[AIM OF THE TASK]:
In the answer, each line must appear exactly as in the records, and no picture may appear.

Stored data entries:
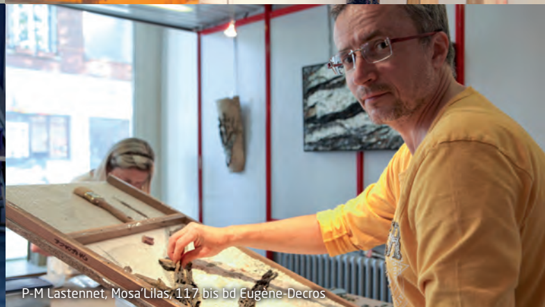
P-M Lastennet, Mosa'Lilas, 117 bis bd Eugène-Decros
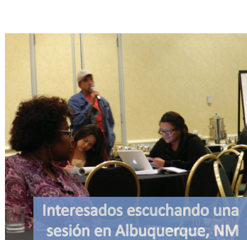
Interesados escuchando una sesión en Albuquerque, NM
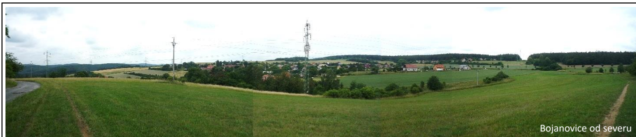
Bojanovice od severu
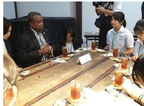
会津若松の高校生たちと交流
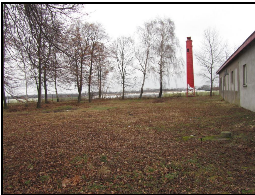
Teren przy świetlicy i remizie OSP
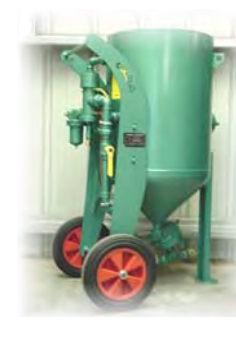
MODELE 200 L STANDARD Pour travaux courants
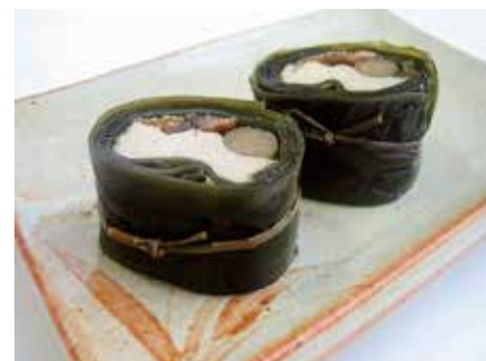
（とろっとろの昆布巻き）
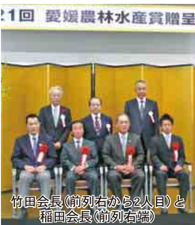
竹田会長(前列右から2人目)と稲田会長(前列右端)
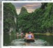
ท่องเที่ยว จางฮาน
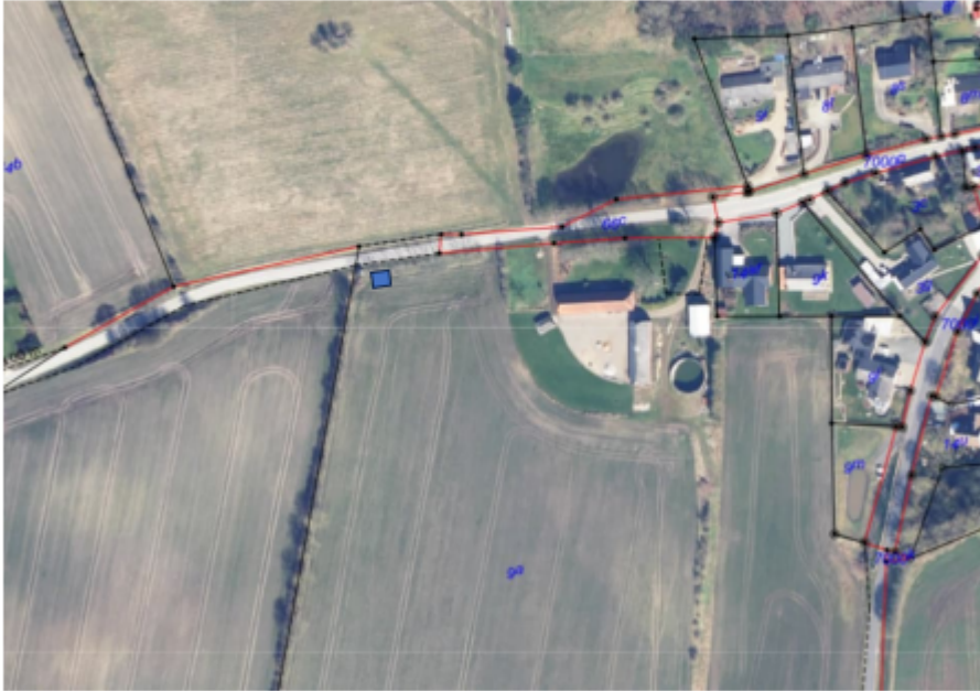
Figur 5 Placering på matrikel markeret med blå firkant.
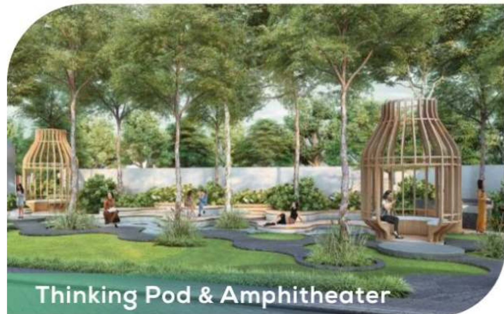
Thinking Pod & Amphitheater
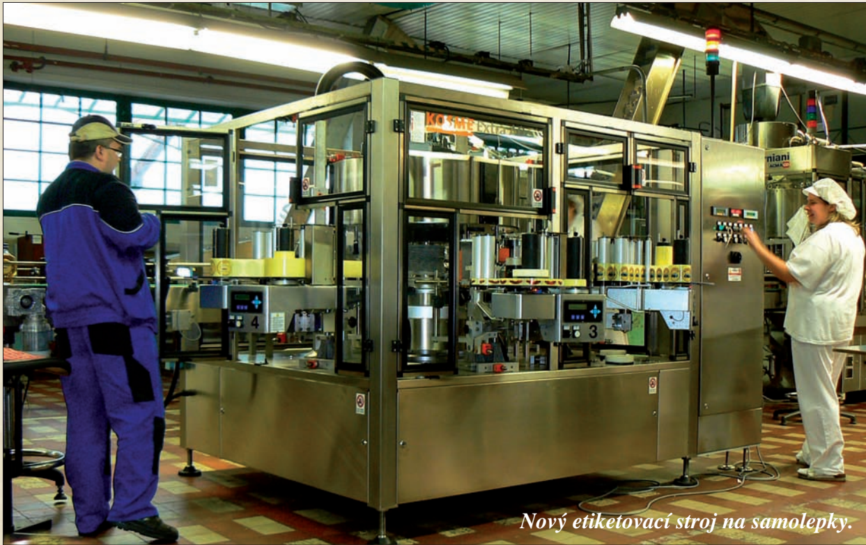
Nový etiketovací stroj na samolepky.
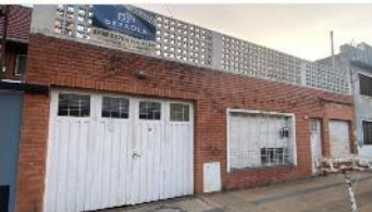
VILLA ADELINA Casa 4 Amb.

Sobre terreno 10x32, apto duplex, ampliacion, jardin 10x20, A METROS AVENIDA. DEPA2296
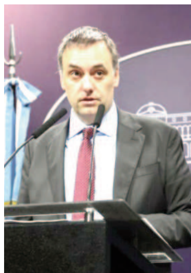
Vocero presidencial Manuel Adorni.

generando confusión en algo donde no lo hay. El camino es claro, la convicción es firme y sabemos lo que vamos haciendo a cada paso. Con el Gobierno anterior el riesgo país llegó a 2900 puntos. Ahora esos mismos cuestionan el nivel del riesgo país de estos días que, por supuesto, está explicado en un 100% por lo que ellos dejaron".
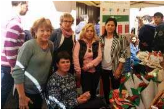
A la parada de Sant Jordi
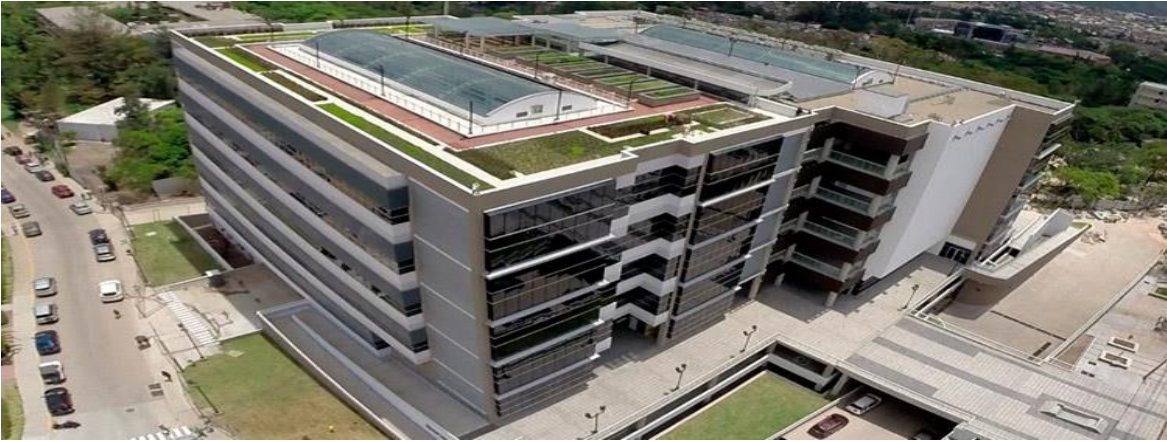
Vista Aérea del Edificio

[ANSWER TO THE PROBLEM]:
P-M Lastennet, Mosa'Lilas, 117 bis bd Eugène-Decros
Interesados escuchando una sesión en Albuquerque, NM
Bojanovice od severu
会津若松の高校生たちと交流
Teren przy świetlicy i remizie OSP
MODELE 200 L STANDARD Pour travaux courants
（とろっとろの昆布巻き）
竹田会長(前列右から2人目)と稲田会長(前列右端)
ท่องเที่ยว จางฮาน
Figur 5 Placering på matrikel markeret med blå firkant.
Thinking Pod & Amphitheater
Nový etiketovací stroj na samolepky.
VILLA ADELINA Casa 4 Amb.

Sobre terreno 10x32, apto duplex, ampliacion, jardin 10x20, A METROS AVENIDA. DEPA2296
Vocero presidencial Manuel Adorni.

generando confusión en algo donde no lo hay. El camino es claro, la convicción es firme y sabemos lo que vamos haciendo a cada paso. Con el Gobierno anterior el riesgo país llegó a 2900 puntos. Ahora esos mismos cuestionan el nivel del riesgo país de estos días que, por supuesto, está explicado en un 100% por lo que ellos dejaron".
A la parada de Sant Jordi
Vista Aérea del Edificio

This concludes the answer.